Exercise directions:
Every line below is to be set down again exactly; any image stays out.

Data segment:
= = = = = = =
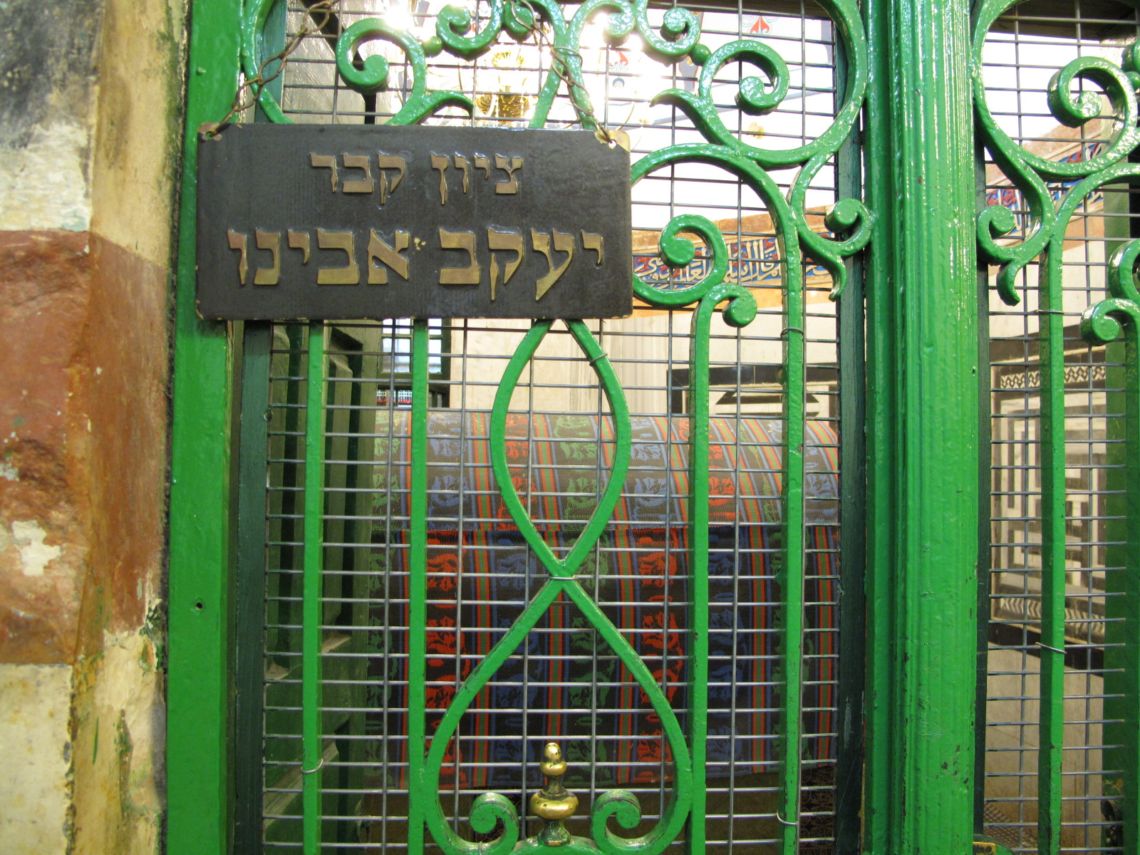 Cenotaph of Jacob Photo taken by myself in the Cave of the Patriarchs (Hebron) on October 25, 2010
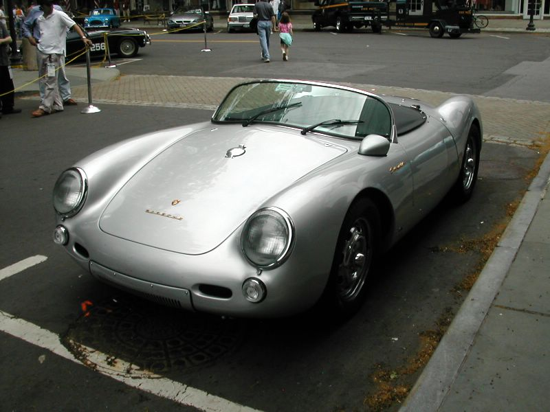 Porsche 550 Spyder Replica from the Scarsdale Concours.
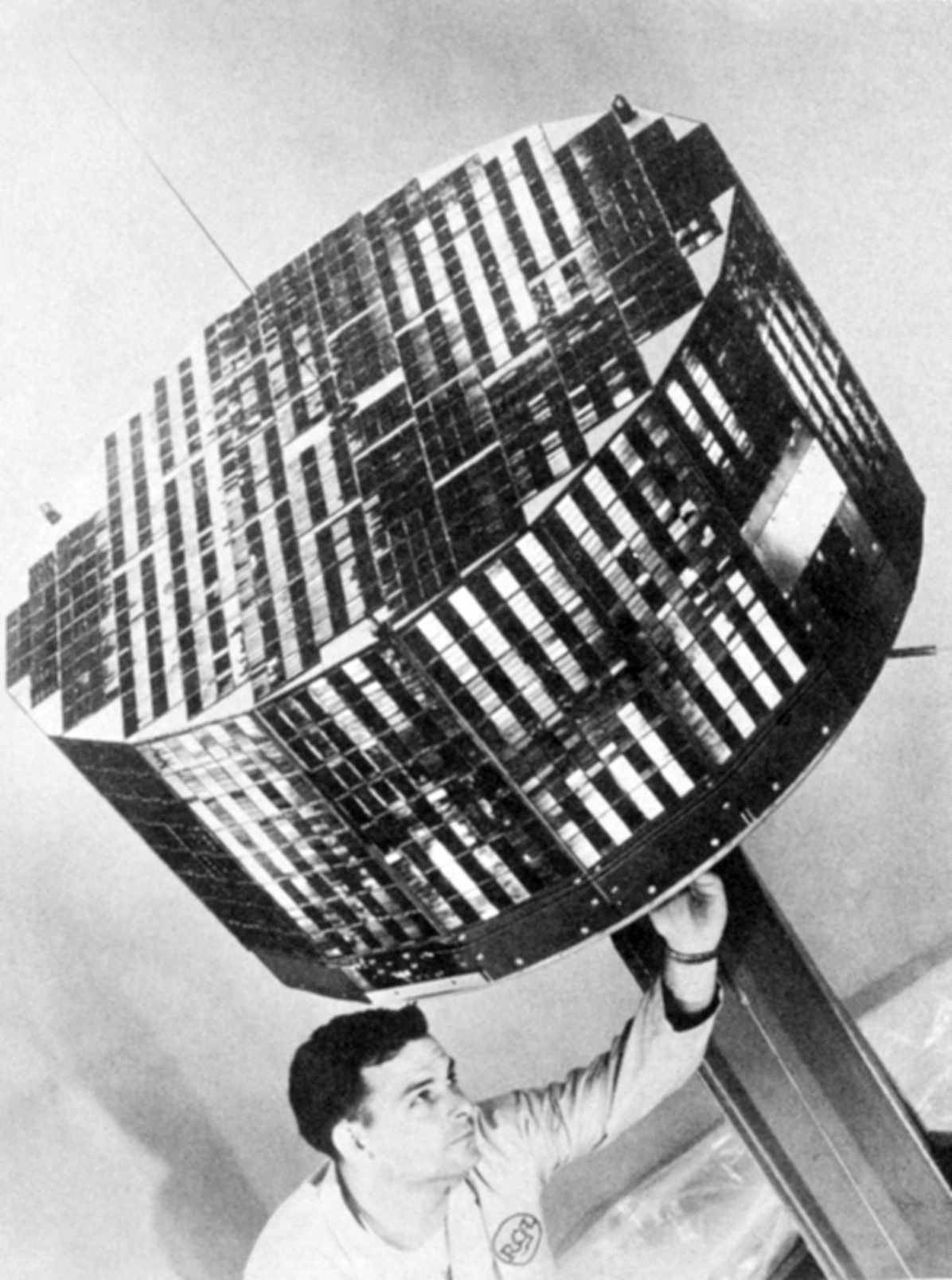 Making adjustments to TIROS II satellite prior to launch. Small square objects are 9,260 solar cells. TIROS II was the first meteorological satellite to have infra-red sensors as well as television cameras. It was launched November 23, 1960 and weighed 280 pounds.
= = = = = = =
Final answer:
 Cenotaph of Jacob Photo taken by myself in the Cave of the Patriarchs (Hebron) on October 25, 2010
 Porsche 550 Spyder Replica from the Scarsdale Concours.
 Making adjustments to TIROS II satellite prior to launch. Small square objects are 9,260 solar cells. TIROS II was the first meteorological satellite to have infra-red sensors as well as television cameras. It was launched November 23, 1960 and weighed 280 pounds.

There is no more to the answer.